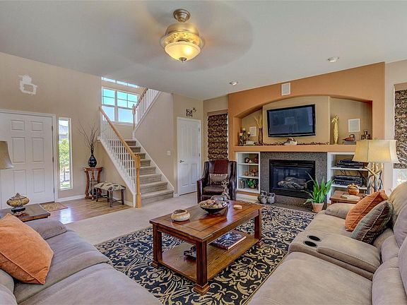 This Immaculate Jewel is Gorgeous! Fantastic home in amazing condition and ready for quick occupancy. 9' ceilings, upgrades and custom details throughout. The main floor features an open gourmet kitchen with "Merillat" cabinets solid surface countertops, double ovens, and new washer, dryer and refrigerator included. Formal dining room and a spacious family room with fireplace and custom window coverings. The second floor has 4 spacious bedrooms including a large master suite with custom bookcases and retreat. 5 piece master bath with heater/fan. The professionally finished basement has 2 bedrooms, full bath with steam shower and den. Professionally landscaped front and back on 1/3 acre lot with concrete slab RV parking raised planting beds, Trex Deck with outdoor kitchen and "Sunsetter" canopy and horseshoe pit. Across from newly constructed park, close to shopping, hospital major highway, and DIA. THIS IS A MUST SEE!!
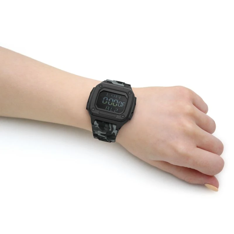 22mm Black Camo Silicone Strap with Push-Button Clasp.
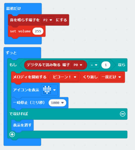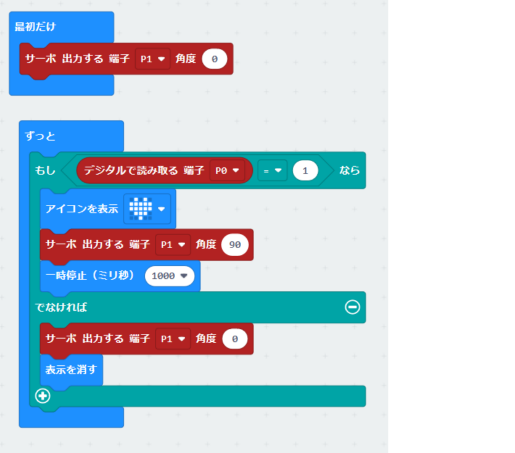受信側のソフトはシンプルで、ポートのデジタル入力=1になれば赤外線が照射された、銃にヒットされたの判定でOKです。この例ではP0にセンサーの出力(上記回路図のJ2)が接続されています。
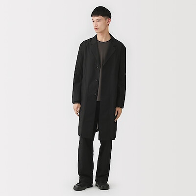 ヴィンテージの作業着コートの仕様を参考にデザインされており、製品洗いをすることで自然なシワ感を表現しています。
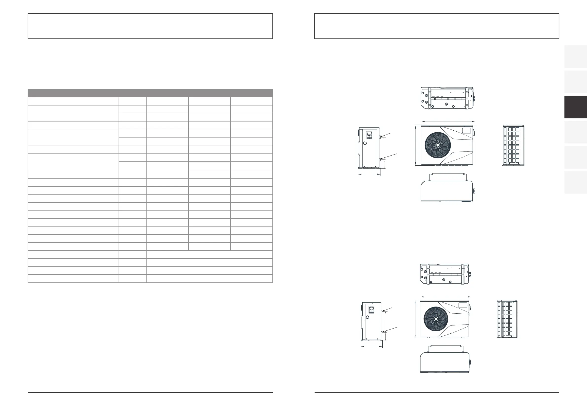 2.2 DIE AUSMASSE DER SCHWIMMBADWÄRMEPUMPENEINHEIT
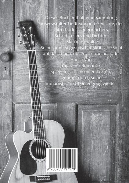 Dieses Buch enthält eine Sammlung ausgewählter Liedtexte und Gedichte, des Ritterhuder Liedermachers, Schriftstellers und Dichters Marno Howald.Seine zumeist gesellschaftskritische Sicht auf das Leben, die Politik und auch der Hauch von tragischer Romantik, spiegeln sich in seinen Texten, geprägt durch seine humanistische Überzeugung wieder.
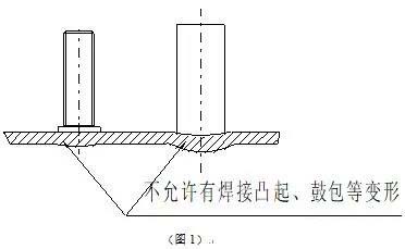 2、施焊前準備:為了保證產(chǎn)品的外觀質量,避免焊后零件背面起包,現(xiàn)要求壁厚≤1.5 mm的零件必須放于平板之上進行儲能焊;對于壁厚≥2 mm的零件可以不放于平板之上,但要保證焊后零件表面平整,沒有焊接凸起變形及人為凸包(如圖1所示)。
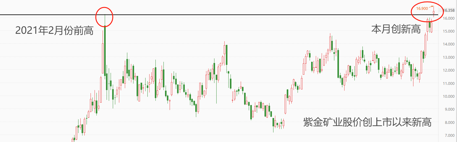 以COMEX黄金为基准,3月份累计涨幅9.74%,4月涨势延续,三个交易日累计涨幅2.91%,最高触及2308.8美元/盎司,屡创纪录新高。人民币计价的黄金也创出541.48的历史新高。受此影响,港股市场黄金板块的个股纷纷异动,尤其是从事金属矿产资源勘查、开发的紫金矿业,3月份股价大涨23.38%,本月续涨5.51%,股价突破2021年2月份高点16.24,创出上市以来新高。
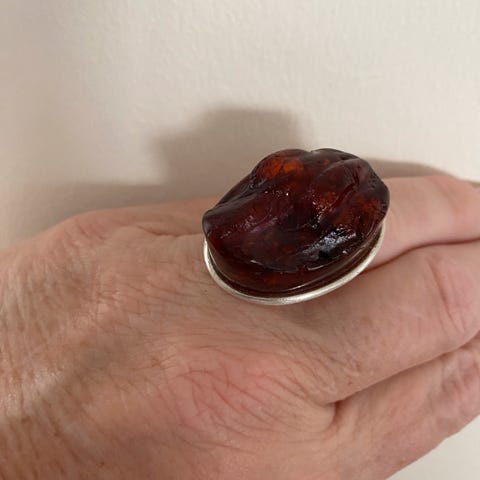 En ravring til den store / massive side. Sterling sølv. 2 stempler.Sølvring med rav.massive side. Sterling sølv.
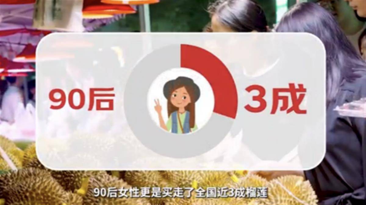 报告显示,今年1月至8月,京东线上销售的进口榴莲销量比2019年同期增长超3倍,品牌数增长超过2倍,商品数量增长3.7倍。从年龄角度看,90后成线上榴莲最大买家,买走近一半榴莲,其中90后女性占比近3成。从地域角度看,2023年以来,网购榴莲消费增长最高的是县域农村,今年1月至8月县域农村网购的榴莲销量比2019年同期增长7.7倍。小镇青年超越城市白领,买走了全国四分之一的榴莲,成新消费主力。
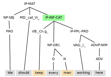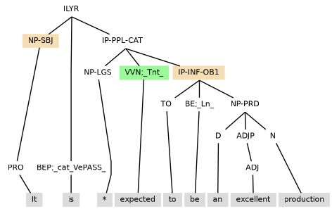 [It] is the code used to mark an intransitive verb in clause structure with the intransitive verb + a closely linked to-infinitive clause. With the annotation, the to-infinitive clause is function marked as being closely related (IP-INF-CLR), as in (7.18).
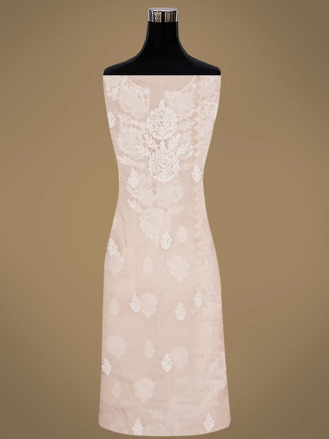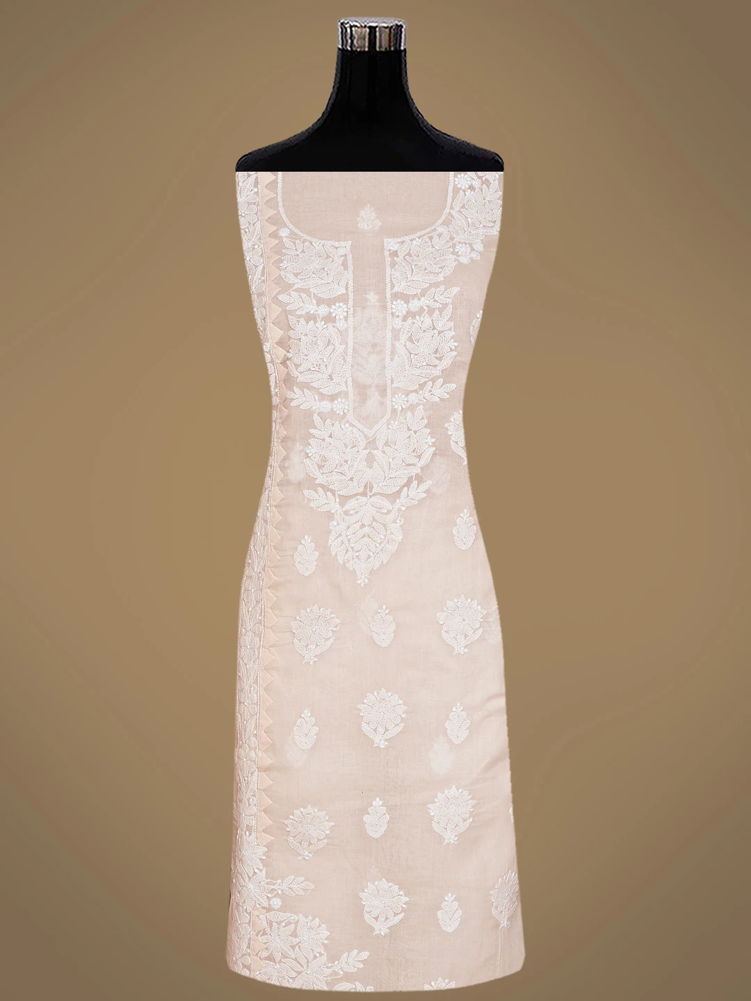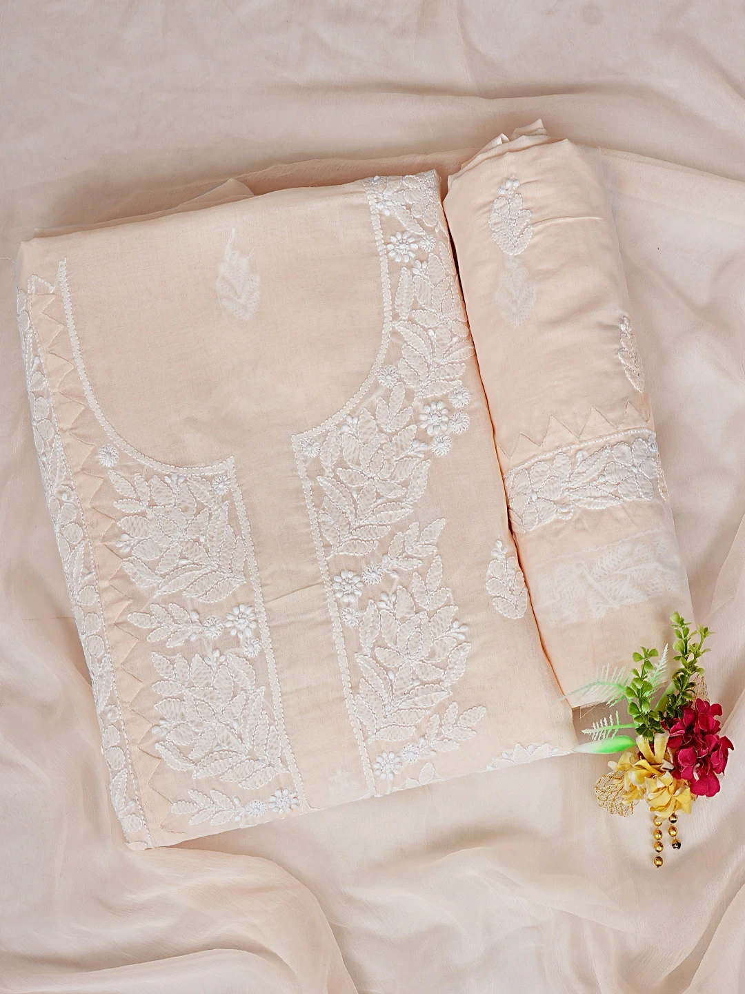 Ada Hand Embroidered Dusty Peach Cotton Lucknowi Chikankari Unstitched Suit Piece 01A871558
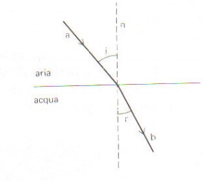 Nel passaggio da un mezzo più denso ad uno meno denso il raggio rifratto si allontana dalla perpendicolare (r<i). Occorre comunque osservare che vi è sempre un raggio riflesso che si accompagna a quello rifratto. Per un dato angolo di incidenza (angolo limite) il raggio non passa più nell’altro mezzo ma resta intrappolato nel primo: è il fenomeno della riflessione totale.
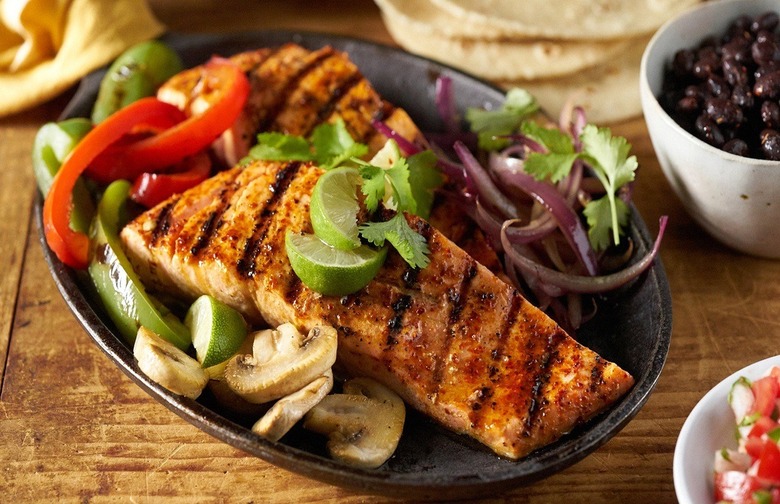 Mexican night just got a whole lot healthier. Salmon is the ideal replacement for people trying to cut down on red meat, because it is lower in cholesterol, yet higher in omega-3 fatty acids — essential fats that the body can't produce on its own but are crucial in regulating hormones, blood clotting, and genetic functions. Omega-3 fatty acids have also been found to reduce the risk of heart disease, certain cancers, and stroke.
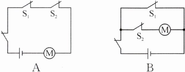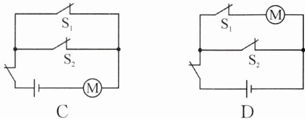 1. 电动自行车两刹车手柄中各有一只开关S₁和S₂,在行驶中用任意一只手柄刹车时,该手柄上的开关立即断开,电动机停止工作。如图所示的电路符合要求的是 (
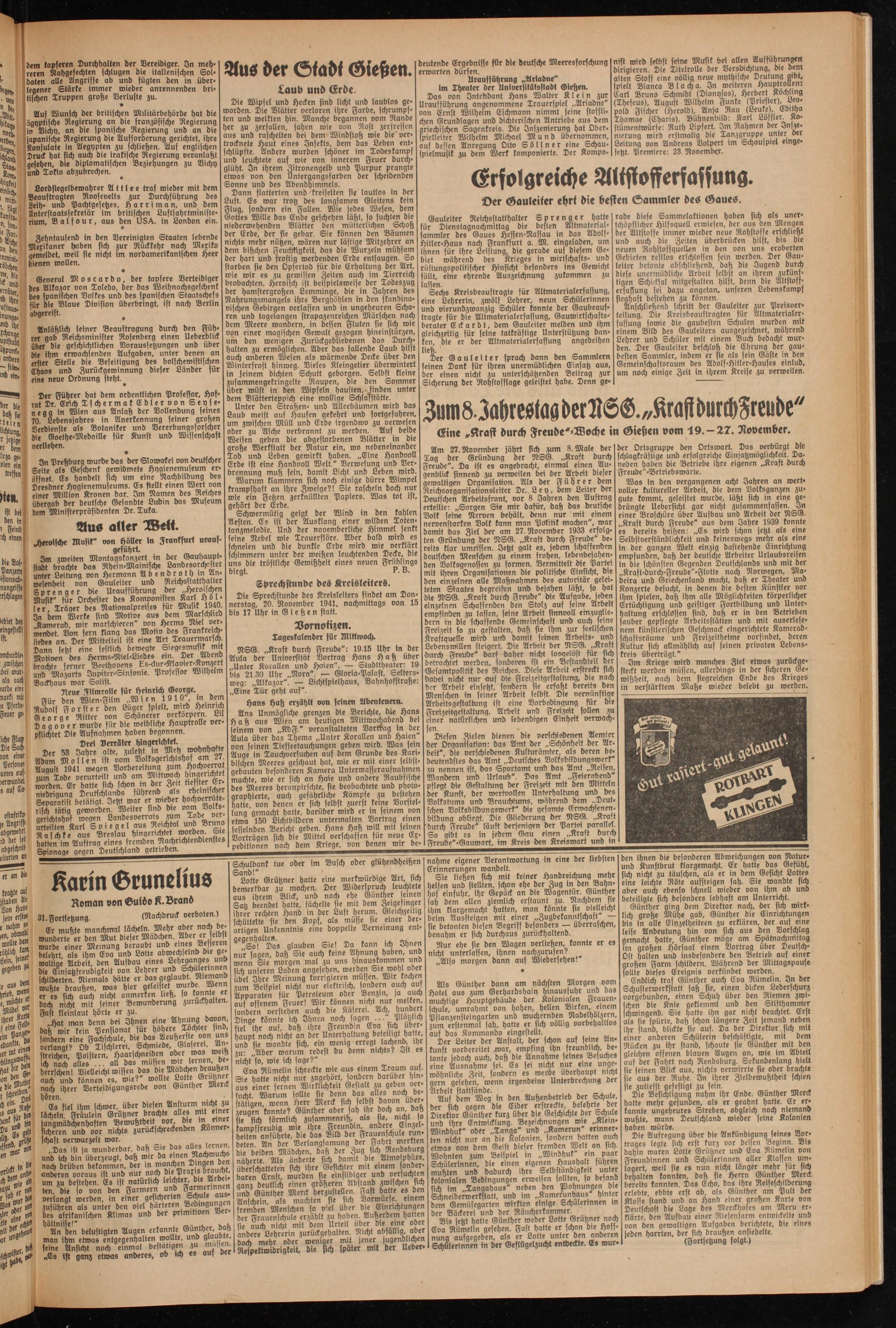 Die Sprechstunde des Kreisletters findet am Donnerstag, 20. November 1941, nachmittags von 15 bis 17 Uhr inGießen statt.
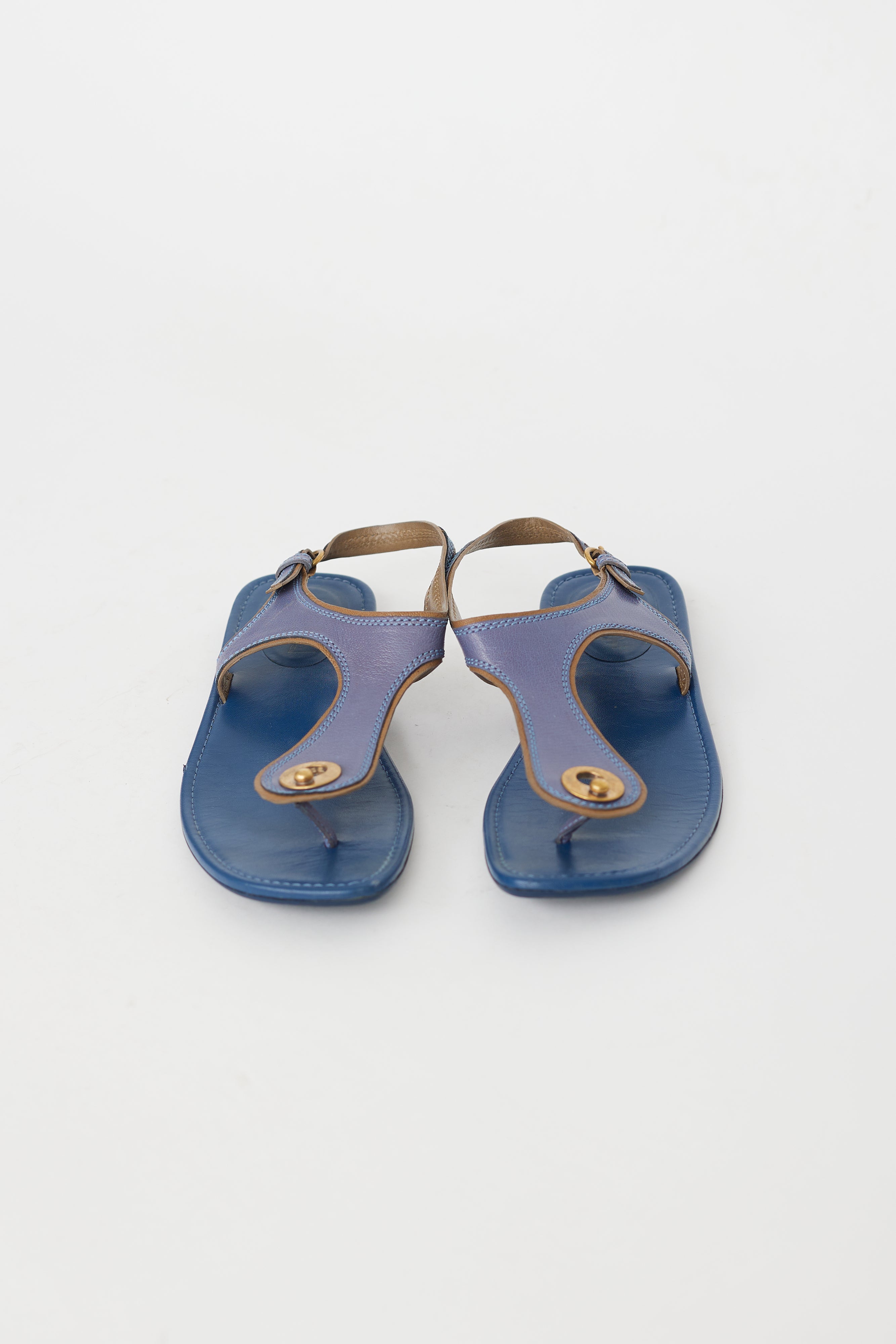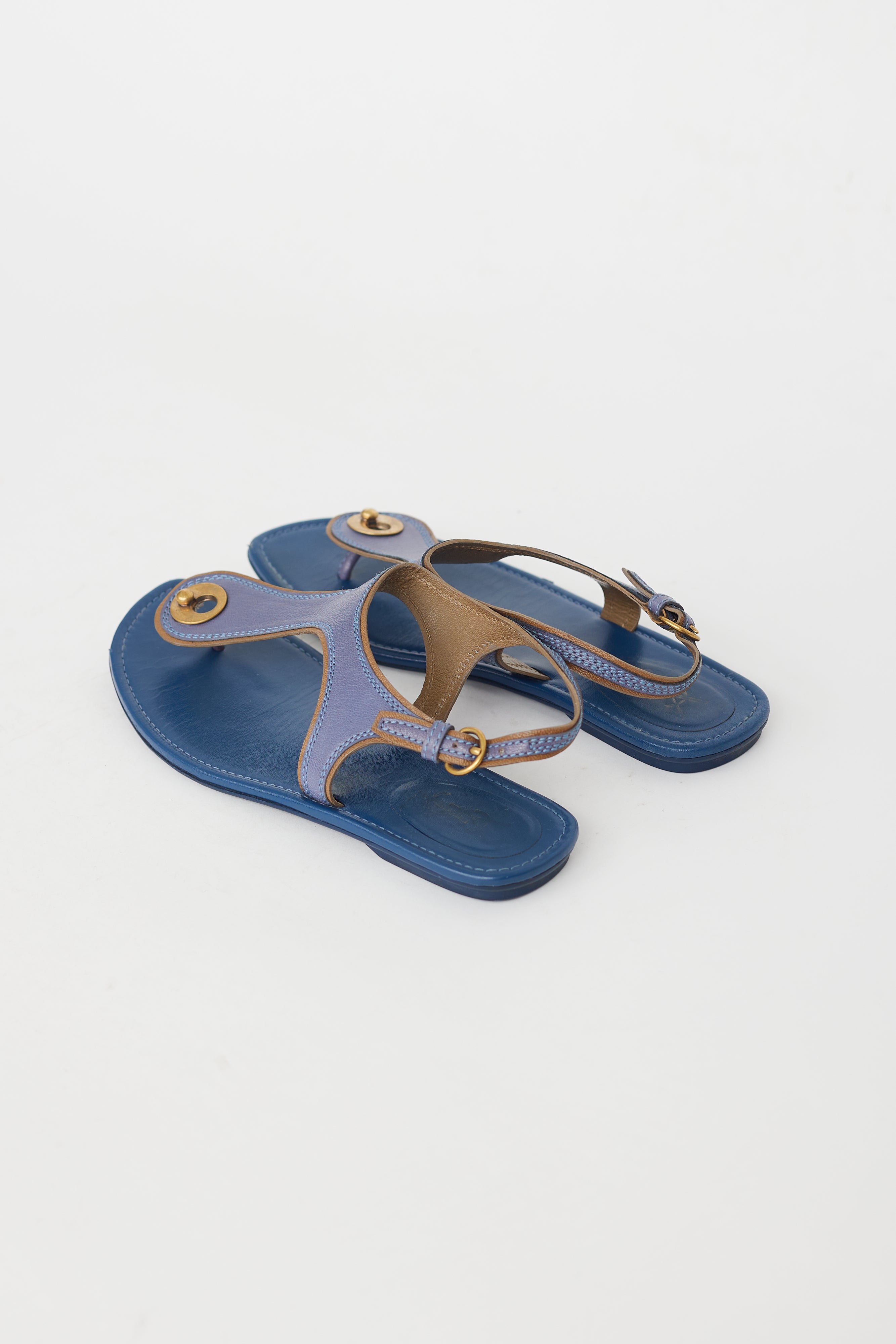 Pre-owned Saint Laurent vintage blue sandals featuring open rounded toe, T-strap, gold tone hardware, ankle strap with buckle fastening, and leather insole. Comes with original dust bag.
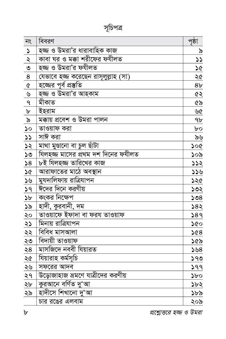 "প্রশ্নোত্তরে হজ্জ ও উমরা" বইটির সূচিপত্র:
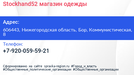 Stockhand52, магазин одежды по адресу 606443, Нижегородская область, Бор, Коммунистическая, 8 в дальнейшем Организация, размещена в следующих категориях:
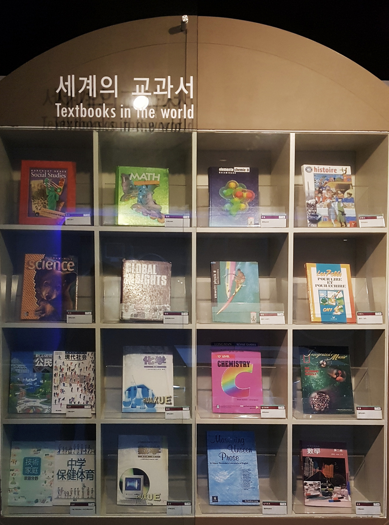 이렇듯, 교과서에는 각 문화를 대표하는 요소가 녹아들어 디자인이 완성된다. 각 나라의 문자로 교과서를 설명하는 디자인, 교과 내용에 따라 다양하게 운용되는 타이포그래피, 그리고 교과서 배경에 사용되는 패턴 등을 통해 디자인을 하기 때문이다. 교과서 박물관에는 이러한 이야기를 담은 세계의 교과서가 전시되어 있다.
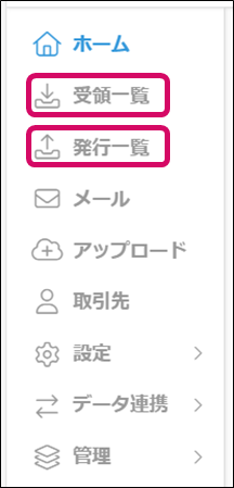 1. メニューの[受領一覧]または[発行一覧]をクリックします。

☆ ☆ ☆ ☆ ☆

Assignment:
Output exactly the stretch of the listing that begins at the line containing "报告显示,今年1月至8月,京" and ends at the line containing "[It] is the", both kept. Omit pictures and everything else.

Written response:
 报告显示,今年1月至8月,京东线上销售的进口榴莲销量比2019年同期增长超3倍,品牌数增长超过2倍,商品数量增长3.7倍。从年龄角度看,90后成线上榴莲最大买家,买走近一半榴莲,其中90后女性占比近3成。从地域角度看,2023年以来,网购榴莲消费增长最高的是县域农村,今年1月至8月县域农村网购的榴莲销量比2019年同期增长7.7倍。小镇青年超越城市白领,买走了全国四分之一的榴莲,成新消费主力。
 [It] is the code used to mark an intransitive verb in clause structure with the intransitive verb + a closely linked to-infinitive clause. With the annotation, the to-infinitive clause is function marked as being closely related (IP-INF-CLR), as in (7.18).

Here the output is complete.